Experimental Results
MemOVCD is evaluated on five public benchmarks—LEVIR-CD, DSIFN, S2Looking, BANDON, and SECOND—covering both building and land-cover semantic change detection tasks.
- Performance: On LEVIR-CD, MemOVCD achieves IoUc=72.5 and F1c​=84.1, outperforming competing training-free and even training-requiring paradigms. It similarly leads on S2Looking and BANDON, and is competitive on DSIFN.
- Ablation Analysis: Removing cross-temporal memory reasoning, adaptive rectification, or global refinement consistently degrades performance, confirming the complementary necessity of each module.
- Sensitivity to Bridging: A moderate number of (K=3) transition frames optimizes performance, substantiating the need for, but also the limits of, intermediate state augmentation.
- Robustness: MemOVCD generalizes across diverse scenes, benefiting from bidirectional propagation (asymmetric change cases), and achieves improved spatial consistency due to its rectification mechanism.
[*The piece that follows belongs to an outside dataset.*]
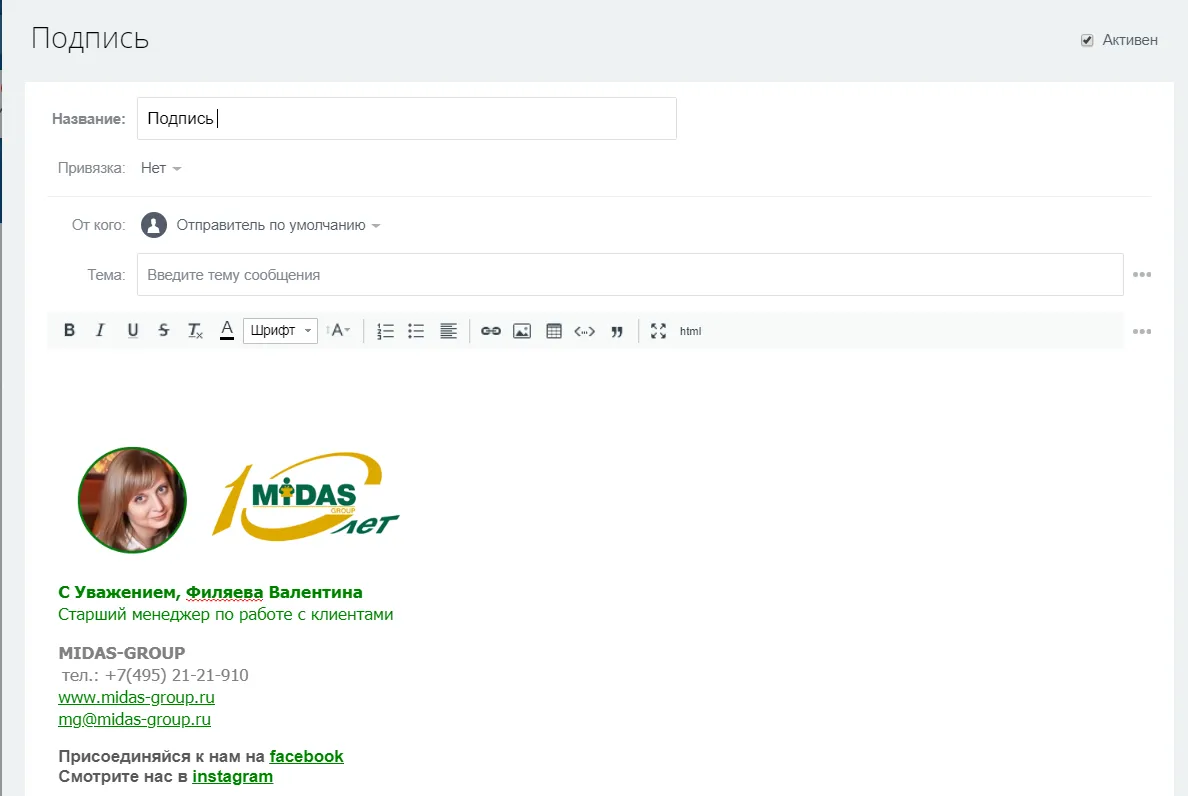 3. Настройка почты. Подключена корпоративная почта и личный ящик для каждого менеджера. Теперь менеджеры высылают письма прямо из карточки b2b клиента. Для удобства настроены подписи в письмах с использованием шаблонов:

Implications and Future Directions
MemOVCD demonstrates that explicit cross-temporal memory propagation, supported by intermediate appearance alignment and adaptive rectification, enables training-free open-vocabulary change detection to rival or exceed previous supervised approaches. This approach points to several theoretical implications:
- Temporal Coupling Supersedes Post-Hoc Comparison: Conditioning semantic feature extraction on both timestamps produces more robust representations, especially under appearance shifts and large temporal gaps.
- Modular Global-Local Fusion as a Remedy for Patch Artifacts: The fusion approach balances detail with global consistency—a likely blueprint for future high-resolution semantic segmentation in remote sensing.
- Training-Free Generalization: Reliance on foundation model priors and zero-shot prompting are practical for rapid domain adaptation; such architectures are increasingly relevant as satellite imagery scales.
Looking forward, the principle of temporally coupled reasoning and adaptive multi-scale fusion could extend to more complex multi-temporal settings, fine-grained semantic change tracking, or general video-based open-vocabulary tasks. Improving the generation of transition frames and exploring more expressive temporal priors may yield further gains in robustness and generalization.
Conclusion
MemOVCD defines a new state-of-the-art in training-free open-vocabulary change detection for remote sensing applications. By integrating cross-temporal memory-driven reasoning with global-local adaptive rectification, it achieves superior semantic and spatial consistency, outperforming prior zero-shot and training-heavy pipelines. This framework paves the way for highly adaptable, query-driven monitoring systems in earth observation, resilient to diverse scenes, categories, and temporal shifts.